Reviewer's Name: Gillian P.
Ready Player One
Cline, Ernest
5 stars = Bohemian Rhapsody Awesome!
Review:

Wade Watts, a high school student like any other, starts his journey off in the slums of a world on the verge of economic and social collapse. In an attempt to escape the seemingly bleak world, many turn to the Oasis, an augmented version of virtual reality where the impossible is possible and people can become something other than what they are in the real world. The creator of the Oasis meets his untimely death due to a terminal illness, and in turn leaves behind his fortune and most prized possession, control of Oasis. The catch is, all you have to do is find his little “Easter Egg” within the vast world of the Oasis by finding keys linked to his favorite pastimes, such as old arcade games. It having been a long time since the announcement of this and now leads found, very few still pursue the egg. Wade Watts is one of them.

After discovering the first key on an online school’s virtual planet, Wade and the many others he meets along the way race to find the egg before the other hunters and the huge corporation, IO; in this science fiction world designed by Ernest Cline. I greatly enjoyed this book due to the vast worlds within his virtual one that he has illustrated for his audience.

Reviewer's Name: Liam G
Six of Crows
Bardugo, Leigh
5 stars = Bohemian Rhapsody Awesome!
Review:

In a town of thieves and murderers, one man is feared as the most brutal, the most wicked, and the most intelligent: Kaz Brekker. Willing to kill as much as he needs to, and able to pick any lock, Kaz is the perfect man for the greatest heist ever: Stealing a hostage from the high security Ice Palace. He gathers a crew to help take on the toughest challenge he’s ever faced. Leigh Bardugo’s Six of Crows follows the viewpoints of a vicious leader, a spider-like assassin, a gunslinger, a disgraced soldier, a heartrending mage, and a runaway rich boy to create a wonderful story where death is around every corner and only the strong survive.

Reviewer's Name: Ryan
Genres:
Renegades
Meyer, Marissa
3 stars = Pretty Good
Review:

Nova, one of the few gifted with powers after their emergence, struggles in the societal aftershock and ruin left behind by the collapse. Now in the place of the governments that once stood, is a new organization, The Renegades, that provides stability and safety through the use of powers.

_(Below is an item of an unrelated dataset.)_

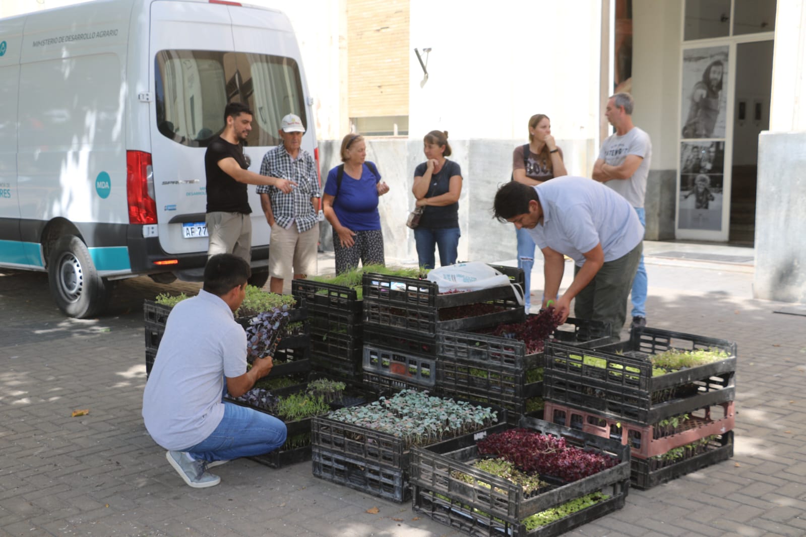 Los plantines entregados corresponden a especies de estación e incluyen repollo, tomate, morrón, lechuga morada y verde, acelga, brócoli e hinojo, destinados a fortalecer las producciones locales y comunitarias.

Before them was a time when groups of “villains” reigned over the weak, Nova was a member one of the most powerful groups referred to as the Anarchists. Now she attempts to infiltrate the Renegades to help bring back the waning power of the Anarchists, and along the way meets many who teach her just how vast the moral grey area is.

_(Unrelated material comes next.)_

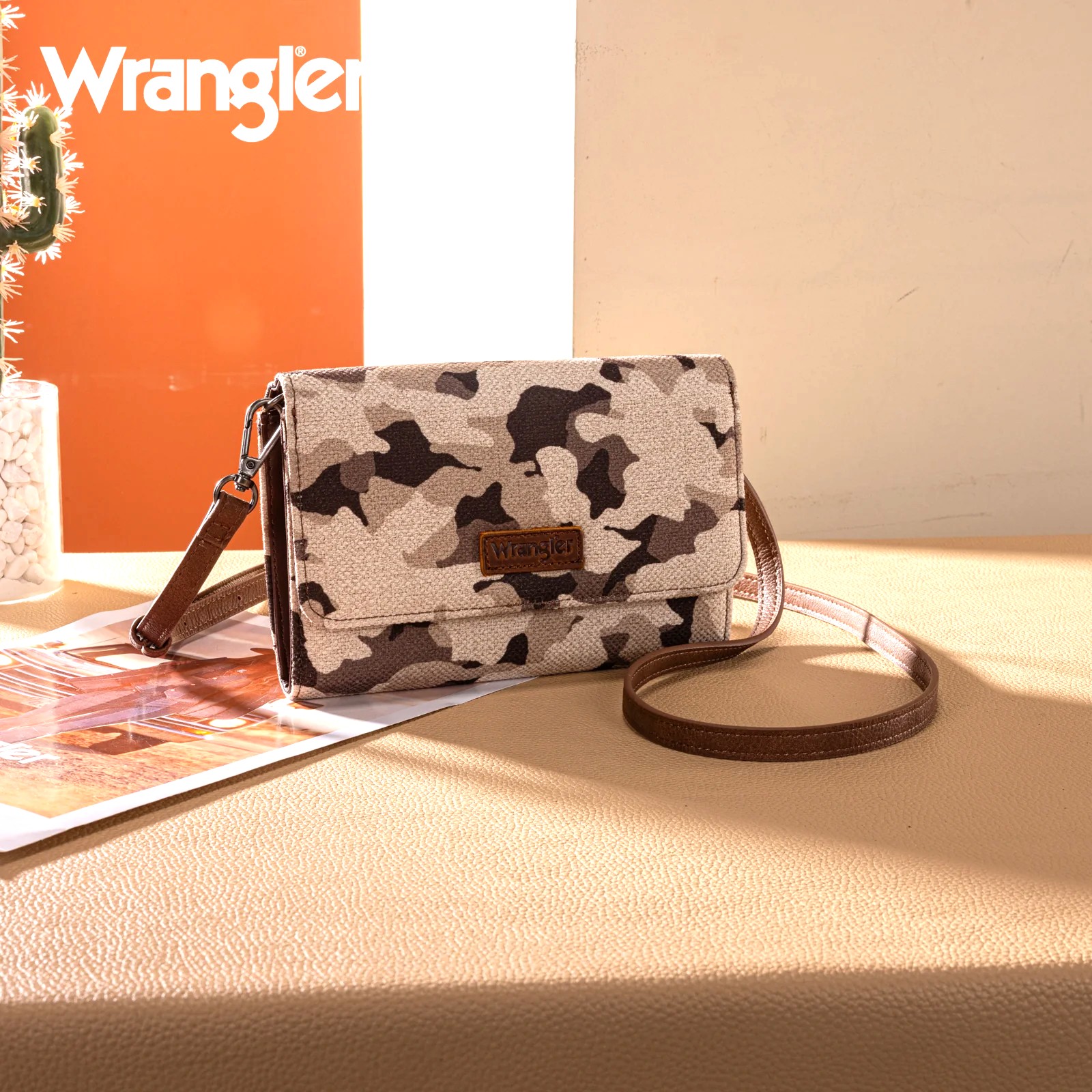 WG286-1833BR Wrangler Camo Print Canvas Clutch/Crossbody – Brown

I enjoyed this book, given its science fiction/dystopian world that Marissa Meyers gives to her audience and the surprises that might come from just turning a page.

Reviewer's Name: Liam G
Morning Star
Brown, Pierce
4 stars = Really Good
Review:

Darrow was captured and his identity revealed, the leader of the Sons of Ares was killed, and now the future of rebellion looks bleak. Darrow, now in a state of grief and failure, his body withering away as he waits for his execution, is rescued and given a second chance to realize Eo’s dream; to topple the corrupt society that stole everything from him. Now the leading force and face of the rebellion, Darrow has many struggles that await him in the final book in the Red Rising Trilogy. I greatly enjoyed this book due to how the many underlying plots are tied off in the end of the series as well as the resolution of each character’s internal struggles. Pierce Brown builds on many previous sub plots that as the reader you might forget, marvelously tying this book in with the rest of the series.